La toile dont on se sert est, comme on sait, une feuille de cuivre plaquée d'argent. Le premier point est d'avoir une surface bien nette, bien polie, ou en terme technique bien brunie, bien nettoyée de toute matière étrangère que le contact aurait pu laisser sur l'argent ; et c'est au moyen d'una poudre très fine de pierre-ponce d'abord mêlée d'un peu d'huile, puis ensuite employée à sec avec le coton cardé; c'est à l'aide du chauffage de la plaque métallique et d'un léger lavage à l'eau forte étendue de16 parties d'eau que l'on obtient cette première préparation.
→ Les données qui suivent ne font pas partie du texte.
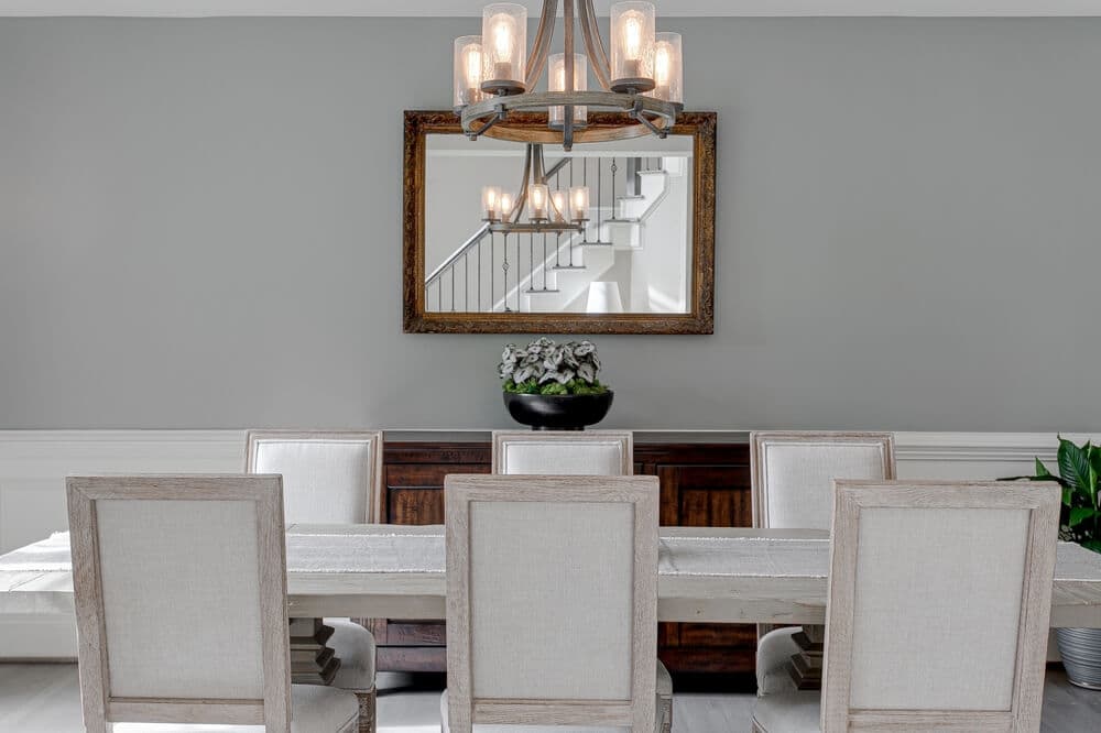 Dersom spisebordet er stort, kan du vurdere å henge flere lamper i en symmetrisk form over bordet. Dette skaper en balansert visuell effekt og gir jevn belysning over hele området.

La plaque de métatal ainsi bien décapée est exposée dans une boîfe à la vapeur de l'iode jusqu'à ce que l'argent ait pris une teinte jaune d'or; le temps dépend ici de la température extérieure et ne peut être bien limité ; il faut examiner la plaque à plusieurs reprises pour s'assurer qu'elle est parvenue à la nuance indiquée.

Cela fait on l'enferme dans une espèce de portefeuille et on la place au foyer de la chambre obscure de manière que l'image dont on veut prendre l'empreinte se peigne à sa surface ; c'est encore l'habitude qui doit décider du temps pendant lequel elle doit subir l'impression de la lumière; ce temps varie avec l'époque de l'année, le pays où l’on opére le moment de la journée, en un mot avec l'éclat da soleil ; mais ce qui est consolant c'est qu'un peu plus ou un peu moins de temps n'empêche pas l'effet de se produire, seulement il est plus ou moins parfait. Il a suffi à M. Daguerre de jeter un coup d'œil sur l'état du ciel, pour annoncer qu'il faudrait ce jour-là 14 minutes; une autre personne moins exercée serait arrivée au même résultat avec un peu de tâtonnement et en faisant d'abord une expérience d'essai.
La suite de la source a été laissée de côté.